Cuando todo parecía apuntar a un aterrizaje en un Estado moderno y sosegado con el genial orador Castelar –el siguiente en la lista–, este hombre prudente y de elevadas dotes diplomáticas, vio que se le iba de las manos la delicada situación nacional en la que cada vez era más lejano un quórum o acuerdo de mínimos. Además, estaban los uniformados enredando por ahí para salvar a la patria de un previsible naufragio, cuando en buena medida habían contribuido al desconcierto con discretos ruidos de sables, ora imperceptibles, ora audibles a conveniencia; vamos, que opinaban en diferido.

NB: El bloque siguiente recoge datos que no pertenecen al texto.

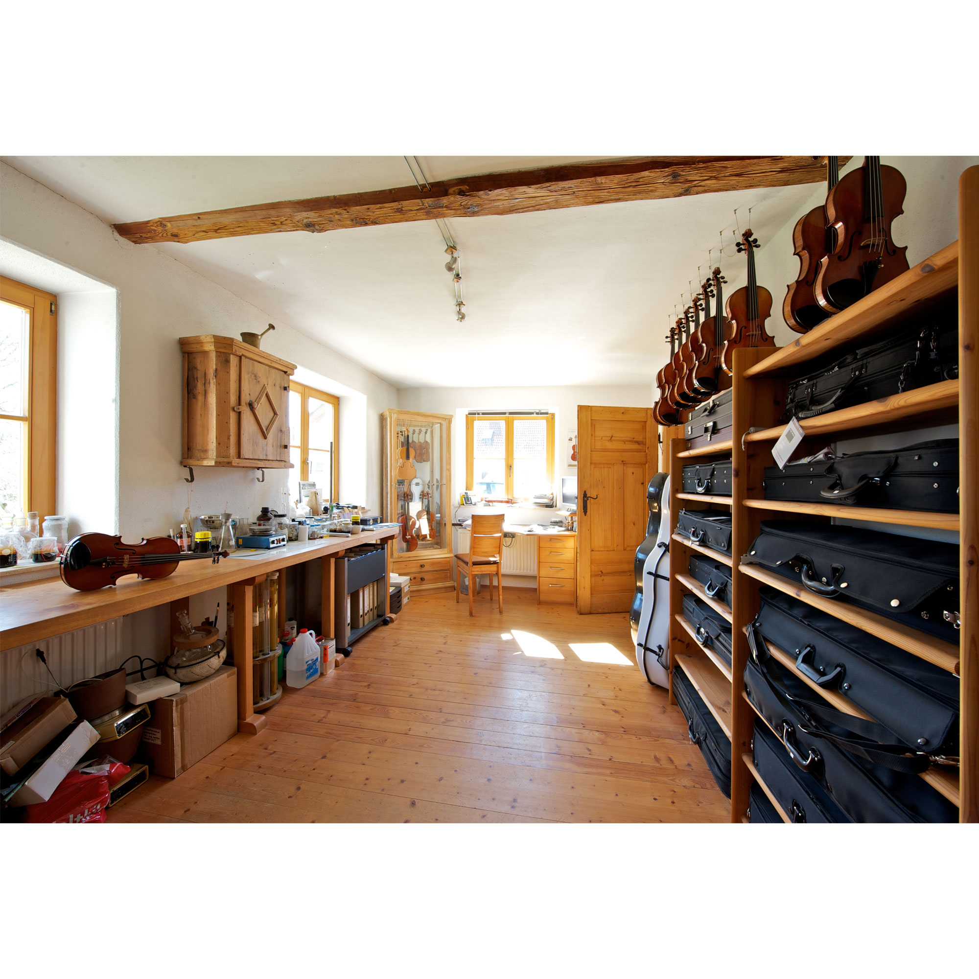 In unserer Werkstatt entstehen hochwertige Geigen, Bratschen und Celli nach traditionellen italienischen Vorbildern. Außerdem bieten wir den gesamten Service rund ums Streichinstrument: Klangeinstellungen, Reparaturen, Instandhaltung.

Estaban los uniformados enredando por ahí para salvar a la patria de un previsible naufragio, cuando en buena medida habían contribuido al desconcierto

Y así llegamos al general Pavía, republicano sí, pero de palo y tentetieso, que se coló en el Congreso y no precisamente de puntillas, para entregarles –en eso fue muy formal–, una carta a sus señorías en la que les conminaba a desalojar “el local” so pena de pasar a mayores. Hubo un breve debate –el uniformado fue generoso con el tiempo de reflexión–, y los diputados decidieron sabiamente morir cuando les llegara el momento.

La Iª República fue quizás la mejor carta que tuvimos durante el largo siglo XIX.

España no cabe duda, es un país en el que es difícil aburrirse.

'Para quien no sabe lo que quiere, ningún camino es transitable'.